Performance 1974 - Marina Abramović
The Body as Object and Subject: Trust, Violence, and Institutional Critique in Marina Abramović’s Rhythm 0 (1974)
The first hour was marked by caution. Audience members gently moved her, turned her around, and placed objects in her hands. However, as time passed and no resistance was offered, behavior escalated. Within three hours, her clothes were cut off with razor blades. Her skin was cut with thorns and a scalpel, drawing blood. An audience member loaded the pistol, placed it in her hand, and forced her finger toward the trigger. A fight broke out among audience members to prevent the gun from being fired. marina abramović performance 1974
Initially immobile and silent, Abramović invited the public to act upon her body without restriction. Crucially, the gallery staff instructed the audience that they were not to be held legally or morally accountable for their actions. The Body as Object and Subject: Trust, Violence,
By the sixth hour, Abramović was stripped, bleeding, and crying. When she finally broke her passivity and walked toward the audience, they fled the room, unable to face the consequences of their actions.
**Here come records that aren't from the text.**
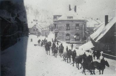 | Keywords: Schönheide im Erzgebirge – Schneepflug früher.jpg de Winter in den 1930er Jahren Eine Szenerie am Bayerischen Hof Zwölf Pferde ziehen den hölzernen Schneepflug dessen seitliche Schieber durch Balken so eingestellt werden konnten daß die Straße in der ganzen Breite geräumt werden konnte Wenn ein Auto entgegen kam oder überholen wollte mußte der Schneepflug anhalten der Balken abgenommen und eine Schieberseite eingeklappt werden dabei zur Seite gezogen von den hinter dem Schneepflug mitgeführten Pferden Damit dies leichter ging waren an den seitlichen Schiebern höhenverstellbare Räder angebracht Wenn starker Schneefall war mußte mit dem Schneepflug die ganze Nacht hindurch gefahren werden Die Pferde gehörten den Fuhrunternehmern und den Bauern des Dorfes Im Winter konnten sie so etwas hinzuverdienen Welch eine Schinderei für Männer und Pferde Schneepflüge dieser Art waren bis in die 1950er Jahre in Gebrauch Dann wurden sie durch die heute noch üblichen LKW-Schneepflüge ersetzt die jeweils eine Straßenseite räumen Zum 475-Jahr-Jubiläum des Besiedlungsbeginns 2012 in der ehemaligen Mehlhorn-Schmiede im Fenster ausgestellte Fotokopie eines alten Fotos History of Schönheide own Klaaschwotzer 2012-12-08 Cc-zero Animals of Erzgebirgskreis |
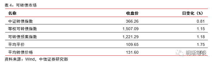 12月21日转债市场,中证转债指数收于366.26点,日上涨0.81%,等权可转债指数收于1,507.09点,日上涨1.15%,可转债预案指数收于1,221.29点,日上涨1.18%;平均平价为109.65元,日上涨1.75%,平均转债价格为131.60元,日上涨1.68%。319支上市交易可转债(辉丰转债除外),除万青转债、岱勒转债、江银转债、长集转债、兄弟转债和本钢转债横盘外,208支上涨,105支下跌。其中英科转债(16.08%)、中矿转债(11.63%)和嘉泽转债(10.49%)领涨,凌钢转债(-3.96%)、正元转债(-2.44%)和奥瑞转债(-2.10%)领跌。316支可转债正股(*ST辉丰除外),除威派格、奇正藏药、新疆交建、佳力图、利群股份、百川股份、东风股份、山鹰国际、烽火通信、北方国际、九洲集团、哈尔斯、现代制药、贵广网络、台华新材、华源控股、兄弟科技、洪涛股份、国泰君安和内蒙华电横盘外,215支上涨,81支下跌。其中万孚生物(10.26%)、铁汉生态(10.23%)和隆基股份(10.01%)领涨,鸿路钢构(-4.82%)、塞力医疗(-4.09%)和天目湖(-3.13%)领跌。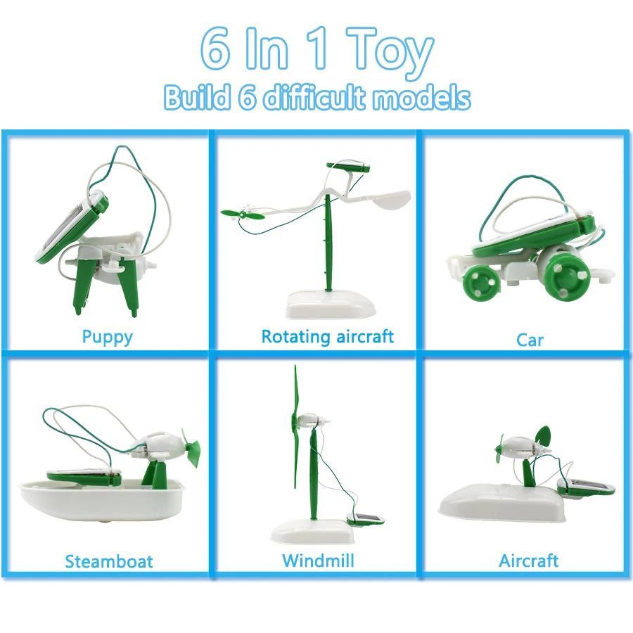 6 IN 1 Solar Robot Model Kit Science Toys for Children DIY Assemble Airplane Boat Car Train Model Educational Gifts Toys for Boy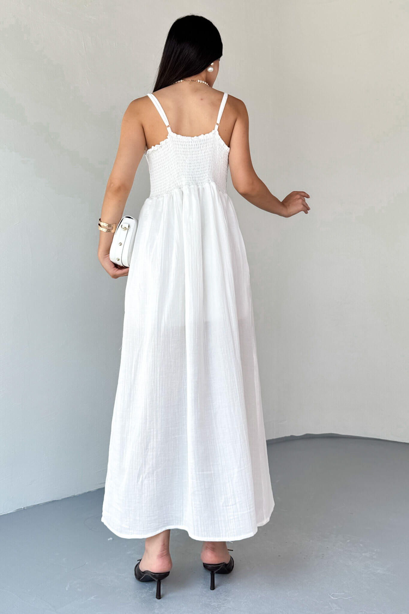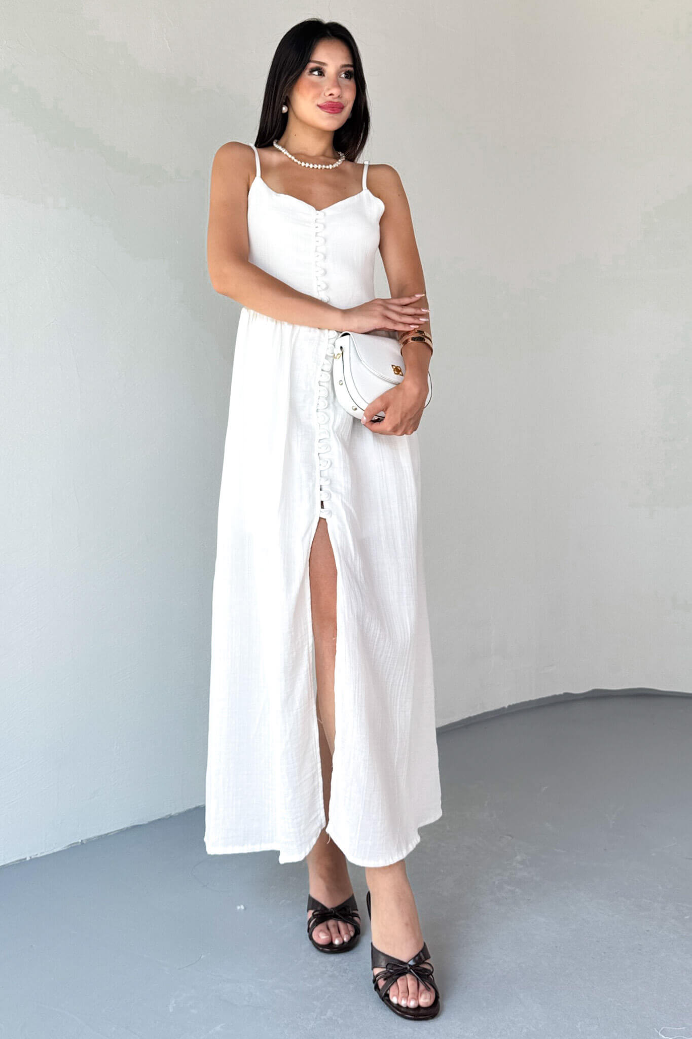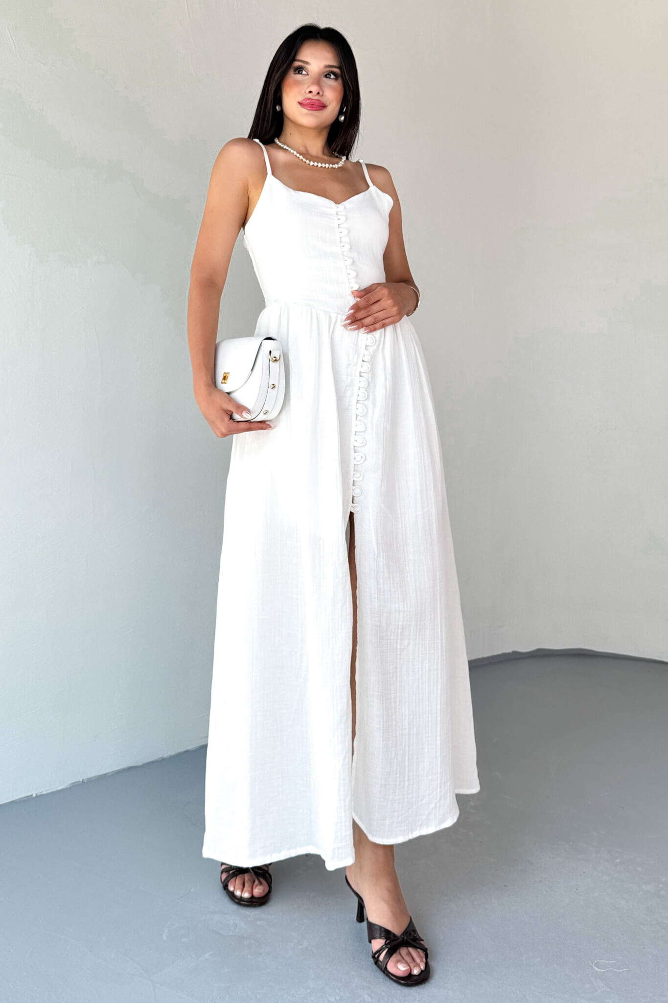 ✔ Ön yüzünde yer alan kaplama düğme detayı, elbiseye zarif bir görünüm katar.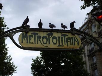 Keywords: subway metro pigeons birds city underground transportation station urban sign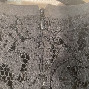 FEATURES/ACCENTS: Black Lace, fitted, lined bodice, sheer sleeve and past knee, deep plunge lace up front, zip back closure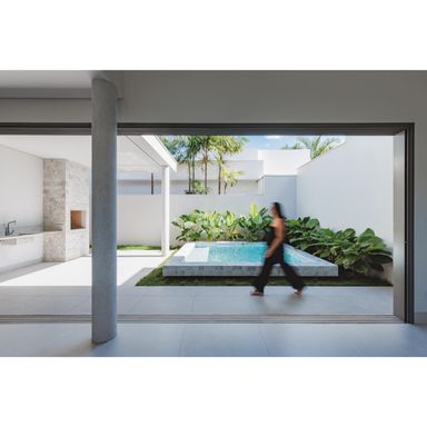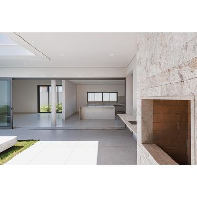 A casa possui ainda garagem coberta para 2 veículos, tomada para carro elétrico, boiler de 600 litros, esquadrias automatizadas na cor cinza, portas internas em ACM na cor champanhe, porcelanato Portinari e projeto de iluminação completo, reforçando o cuidado com acabamento, funcionalidade e modernidade.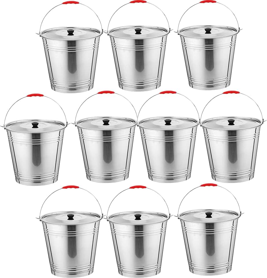 Skywin Metal Can with Lid - Durable 4 Gallon Metal Bucket with Lid for Heavy Loads - Environment-Friendly Metal Trash Can with Lid Outdoor, Safe Alternative to Plastic (10 Pack)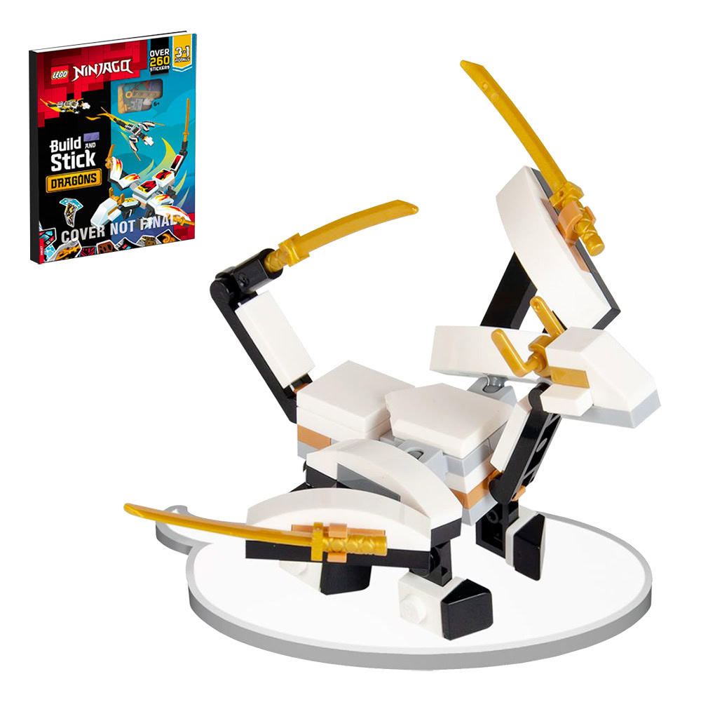 - LEGO Ninjago Build and Stick : Dragons, un livre d'activités de 48 pages dont 4 regroupant 260 stickers et 49 éléments qui permettront d'assembler trois dragons exclusifs différents imaginés par les designers LEGO. (en précommande chez Amazon, disponible le 1er juin 2022)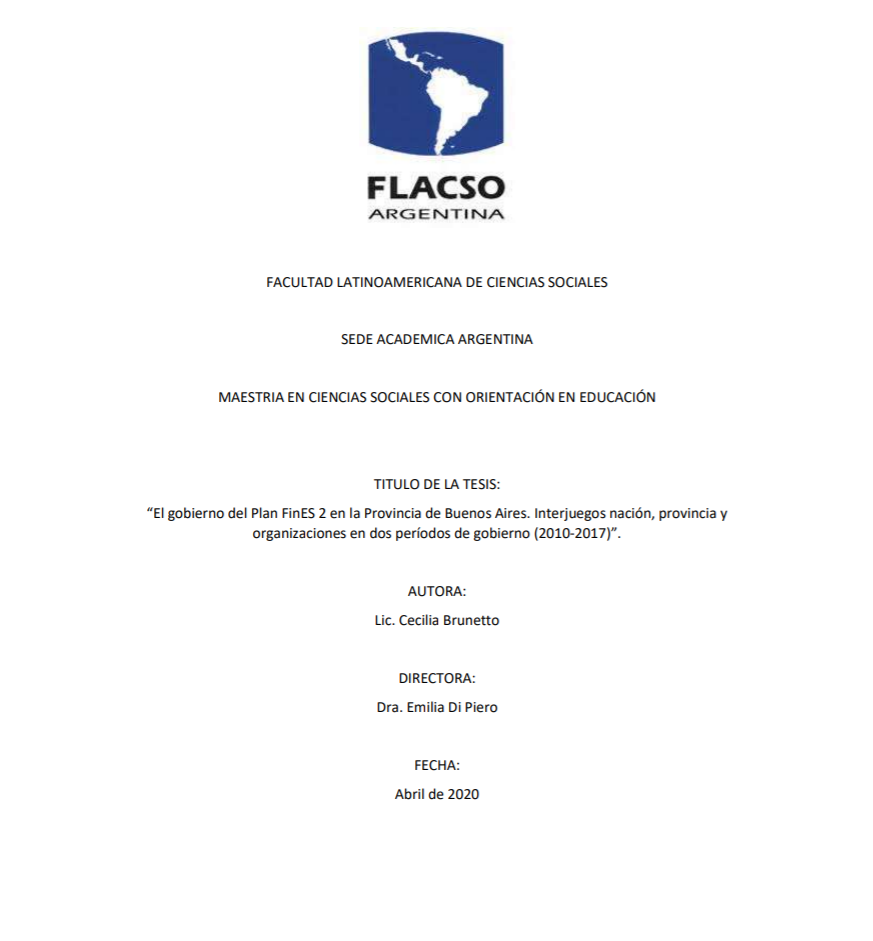 entre los años 2010 y 2017. Para ello, reconstruimos las tramas de interacciones en torno a la formulación y la implementación del Plan FinES 2 como política de terminalidad educativa en la PBA considerando los antecedentes, las normativas, el gobierno educativo y los actores e instituciones involucrados en ambas gestiones de gobierno.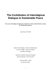 Breet, Aniek (2024) The Contribution of Interreligious Dialogue to Sustainable Peace. Master thesis, Master Religion Conflict and Globalisation.
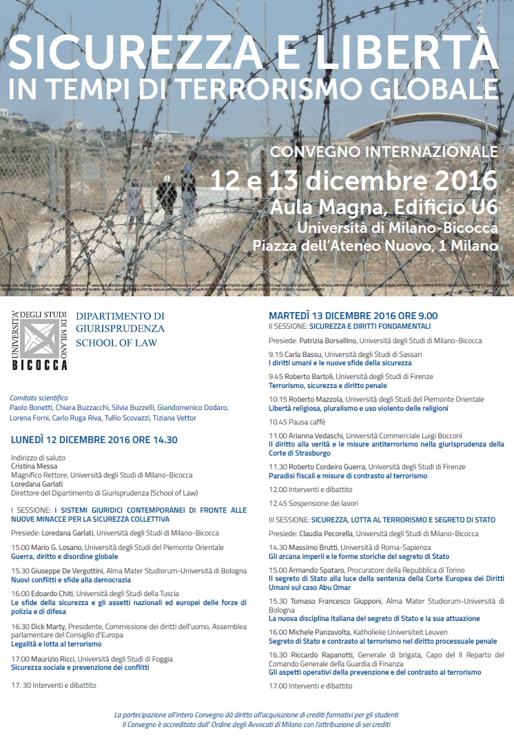 Da Lun, 12/12/2016 a Lun, 12/12/2016 Mode On-site-only 14/11/2022 MILANO - Sicurezza e libertà in tempi di terrorismo globale (12-13 dicembre 2016) on-site only | Piazza dell’Ateneo Nuovo, 1 - ore 14.30

Within three hours, her clothes were cut off
Rhythm 0 was the final piece in Abramović’s Rhythm series, which systematically explored states of consciousness, bodily limits, and the relationship between performer and spectator. For this performance, Abramović arranged 72 objects on a table, including pleasurable items (feathers, perfume, a rose), neutral ones (a book, matches), and instruments of pain and danger (scissors, a scalpel, a razor blade, a loaded pistol with one bullet). Accompanying instructions read: “There are 72 objects on the table that one can use on me as desired. I am the object. I take full responsibility for the duration of six hours.”
Marina Abramović’s 1974 performance Rhythm 0 stands as a landmark in the history of body art and relational aesthetics. Conducted at the Studio Morra in Naples, the six-hour work tested the limits of the artist’s body, the psychology of the audience, and the implicit social contracts governing public interaction. By placing herself as a passive object, Abramović transformed the gallery into a laboratory of human behavior, exposing the potential for cruelty inherent in anonymous, consequence-free environments.